Learning Core Early Thoughts

In “Attacking the Monolith by Extracting a Core”, I floated the idea of building a new repository for a Learning Core Platform. I’ve since added a roadmap item for it:


The goals, quoted from that roadmap ticket:

  1. Refactor the Open edX LMS to enable more dynamic behavior in a scalable way.
    New features like V2 Content Libraries and Effort Estimation need a more scalable implementation than what exists in courseware today.
  2. Provide an easier, more reliable path for extensions developers.
    Extensions authors should be able to build and test against a smaller repo than edx-platform.
  3. Accelerate monolith breakup.
    By delivering incremental improvements to extensibility and performance, we have more reason to work on monolith breakup than our previous “extract all the non-core things” approach, where the benefits were more back-loaded.
  4. Improve separation of edX business concepts from the learning platform.
    No edX-specific logic would come over to the new repo.
  5. Advance the decoupling of Studio and the LMS.
    Part of this work includes building a new core content data model for the LMS, which would replace the current shared model with Studio.
  6. Create a lightweight foundation for entirely new learning experiences.
    This would allow groups like LabXchange to make use of helpful infrastructure and concepts, without having to simultaneously inherit all the technical debt and weight of edx-platform.

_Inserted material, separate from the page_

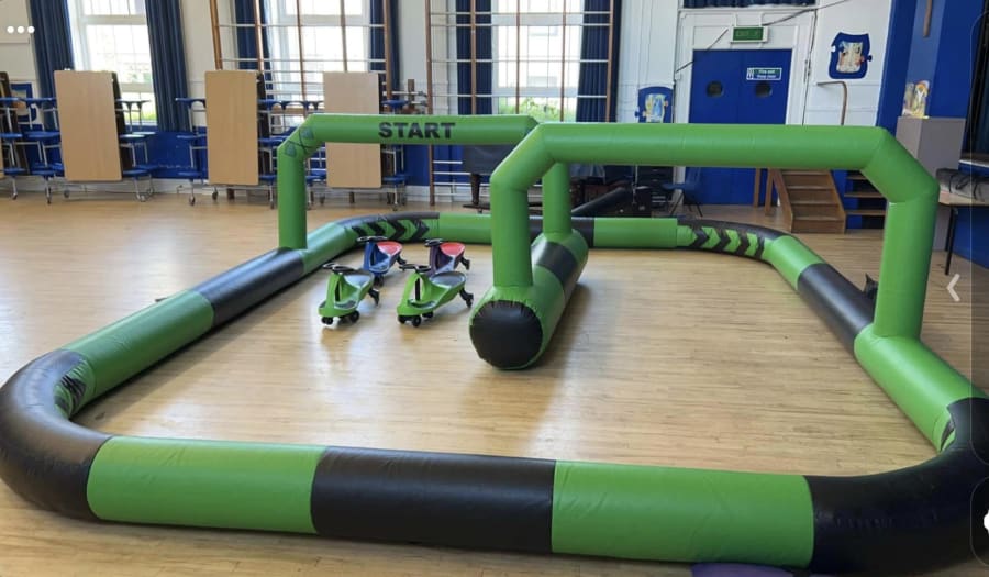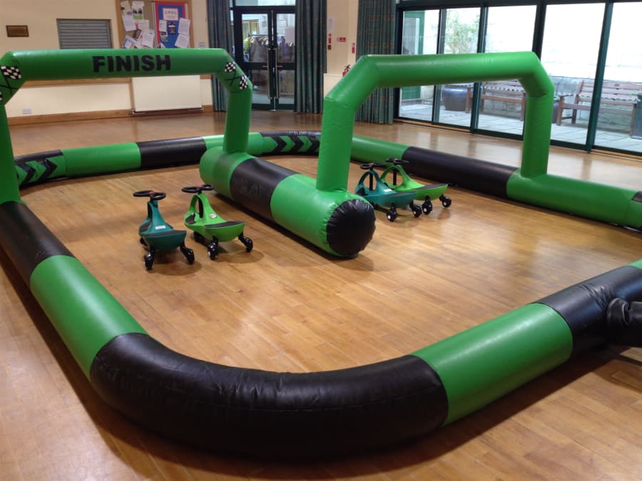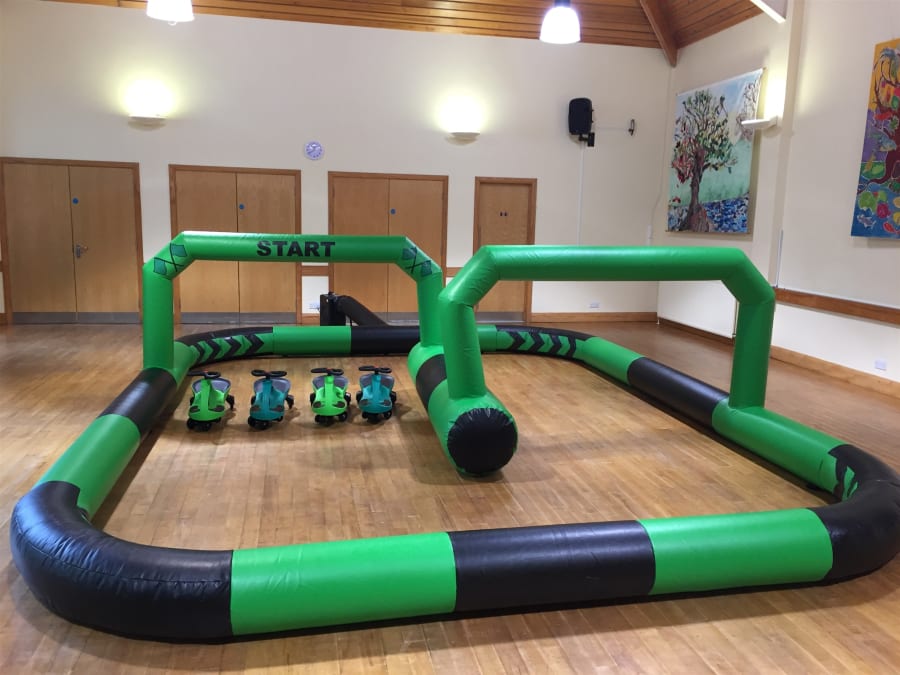 Why not add the didi car race track onto your indoor bouncy castle hire, discounts are available when booking a bouncy castle as well as the didi car grand prix race track. Contact us today on 01242 235273 or drop us an email for further details.

I’ve created an openedx-learning repo for this and checked in some very rough prototyping code. I’ve also got a lot of changes to the data model that I haven’t pushed up yet. It is absolutely not worth trying to play with and run at this point.

I also have a GitHub issue where I’m hashing over some content data modeling considerations, but again, this is very rough, and it reads much more as a stream-of-consciousness than a proposal at this point. I don’t think this is worth reviewing right now. I’m posting about this in the spirit of transparency, but the data model is a half baked mess and terminology for various concepts shifts several times over the course of the ticket. I probably need another few days of work to hammer it into a coherent proposal, and I’m on PTO next week. You are welcome to read and comment if you’re interested, but it may not be a great use of your time.


The main things I’m looking for right now are:

  1. Use cases around versioned content as it relates to unit composition (figuring out what things are in the unit for which people) and v2 content library usage.
  2. Information about desired content groupings and structures, i.e. anything that would deviate from Open edX’s typical Section → Subsection → Unit → Module hierarchy.
  3. Weird content edge cases.

Some specific examples of edge cases that I’m trying to better understand:

  • How important is the ability to change the UsageKey of a piece of content and not break state stored against that content (e.g. completion, score, XBlock user state)?
  • Aside from ProblemBuilder, are there non-edx-platform XBlocks that logically nest other XBlocks inside themselves below the Unit level?
  • Are Units conceptually flat lists without nesting? We currently have XBlocks like SplitTest that will nest entire units within units, but that serves mostly as a switching mechanism so that the block can change what gets displayed. From the user’s point of view, it’s still a flat list.
  • Does anyone use unit or module-level start/due dates?

The initial design of the courseware sidestepped a lot of these data modeling questions by reading everything into memory and defining really general interfaces. This was great for prototyping, but has caused us a lot of grief around performance, reliability, introspection, and complexity, causing us to add layer after layer of patchwork fixes over the years.

Any new Learning Core data model needs to accommodate our existing use cases, as well as use cases around new work in progress (like v2 content libraries). My hope is that we can simplify this requirement by dropping some of the extra power that I don’t think anyone actually uses, like being able to set due dates at any level of the hierarchy or being able to arbitrarily nest units (or nest sequences in units). But it’s kind of a wild world of content out there, and I want to check some of my assumptions on what pieces of functionality are still valuable.

Comments in this thread would be greatly appreciated. Thanks folks.